Your Money: Firm thinks Fed will taper in 2014

Posted: December 04, 2013

Patrick Coyne, president and CEO of Delaware Investments, and his team gave their views Monday on the equity and bond markets, and Coyne noted that the stock market's record current level is "a little stretched."

Coyne's background is in fixed income, but as head of one of the region's largest institutional asset managers, overseeing $190 billion, his view is that the yield on 10-year U.S. Treasurys should be within a range of 2.75 percent to 3.0 percent, and that the Federal Reserve's efforts to "taper" its unprecedented bond purchases should begin in 2014. The yield on the 10-year note climbed to 2.80 percent Monday, from 2.75 percent.

Two areas of fixed income the firm likes? High-yield - otherwise known as junk bonds - that's about 5 percent these days; "we're also positive on floating-rate instruments," such as bank loans, Coyne says.

On the municipal side, Coyne and his colleague Michael Hogan, chief investment officer, prefer revenue-backed bonds instead of tax-backed bonds or general-obligation muni bonds. A revenue-backed muni bond might be secured by water or sewer payments, or perhaps a tollbooth.

"All risk assets are highly priced, but we're not in a bubble," adds Hogan. Stocks historically have returned 6 percent annually, but going forward, given the big run-up in stock prices, those returns will have to moderate down to about 4 percent annually, many investors believe. "Valuations in U.S. stock are not extreme yet, but they do imply lower rates of return" going forward, Hogan said.

Currently Delaware Investments is staying away from banks in the financial sector, and prefers instead to hold transaction-based financials such as Visa (symbol: V), Mastercard (MA), Chicago Mercantile Exchange, or CME Group (CME) and Intercontinental Exchange Group (ICE).

See Yeng Quek, managing director of fixed income, adds, "This is a very different environment with low rates that are going to be heading back up. That overwhelms any advantage" in playing the difference in bond yields over Treasurys.

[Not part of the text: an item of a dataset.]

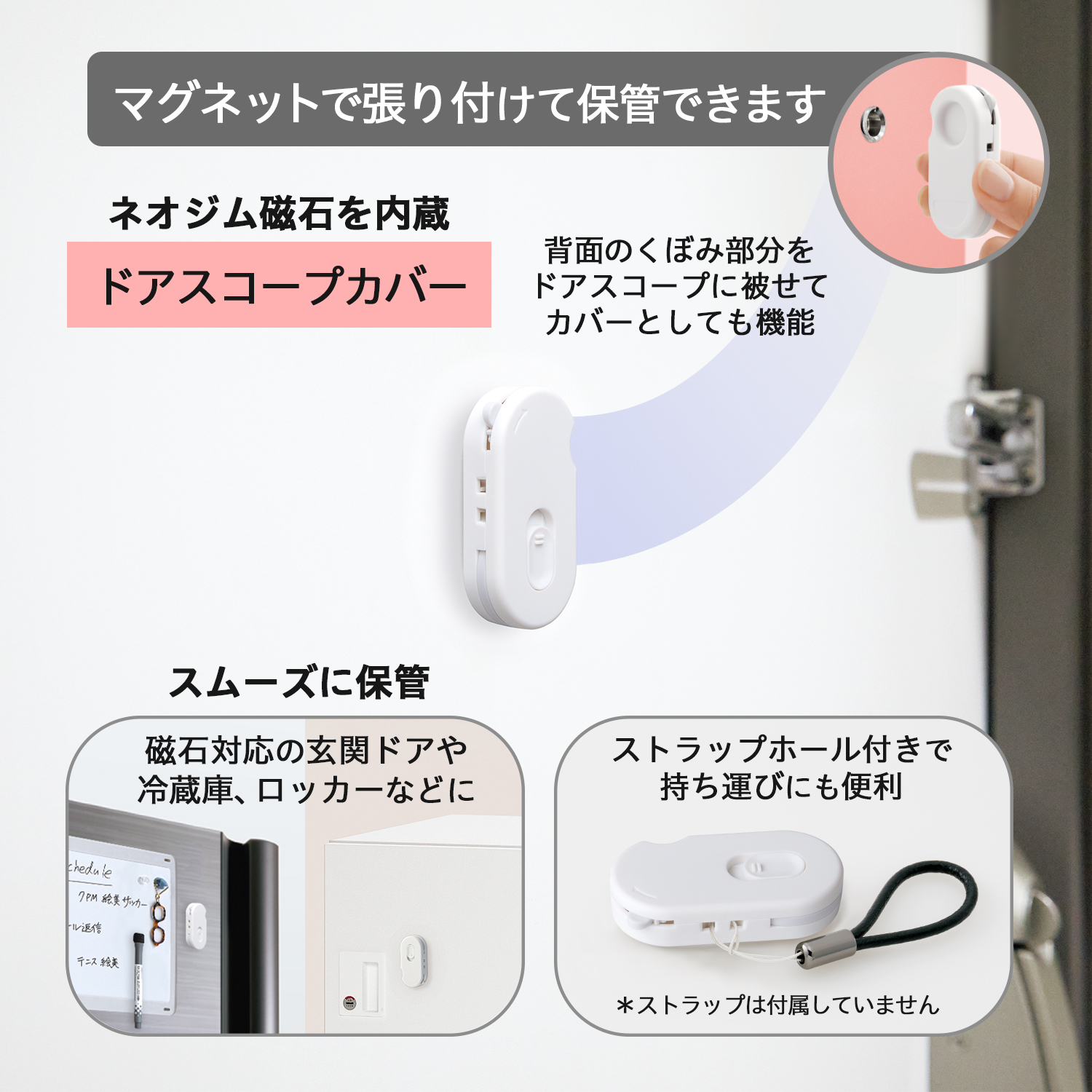 ★届いた荷物は、開けて、はがして、ささっと片付け。玄関で開梱から片付けまでスムーズに完了! ★開梱カッター:錆びないセラミック刃で長持ち。 ★リムーバー:爪を傷つけずに、宛名ラベルやテープの端を剥がすことができます。 ★マグネット内蔵:ネオジム磁石内蔵で玄関ドアや冷蔵庫に貼り付けておくことができます。 ★ドアスコープカバー:裏面にくぼみがあるので、玄関のドアスコープカバーに被せることができます。 ★ストラップホール:持ち運びに便利。 ★替刃式:ドライバー不要で刃を交換することができます。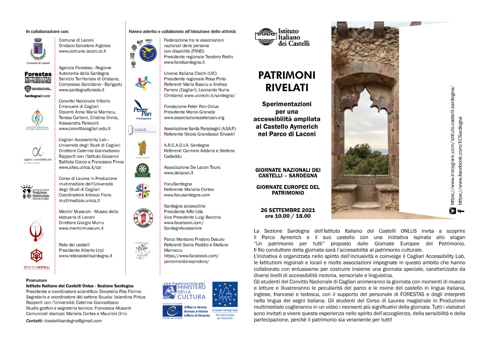 La Sardegna invita a scoprire uno dei borghi più belli d’Italia, Laconi, situato nel cuore della regione a ridosso della Barbagia con il Parco Aymerich dove alle rare essenze arboree e un eccezionale percorso guidato storico-paesaggistico si affiancherà la scoperta del castello omonimo che risale al XI secolo. Nella giornata del 26 settembre sono in programma diverse iniziative di carattere scientifico, divulgativo e ricreativo, ispirate allo slogan "Un patrimonio per tutti" proposto dalle Giornate Europee del Patrimonio.

Just back from a three-week trip around Asia, Quek says foreign investors "want to wait to invest in fixed income until the market comes down. There's a lot of money on the sidelines." Quek expects incoming Fed Chair Janet Yellen to begin "tapering" at the end of the first quarter 2014, and that short-term interest rates "won't go up for the next few years." Once tapering stops, Quek believes, the yield on the 10-year Treasury could rise to 3.5 percent.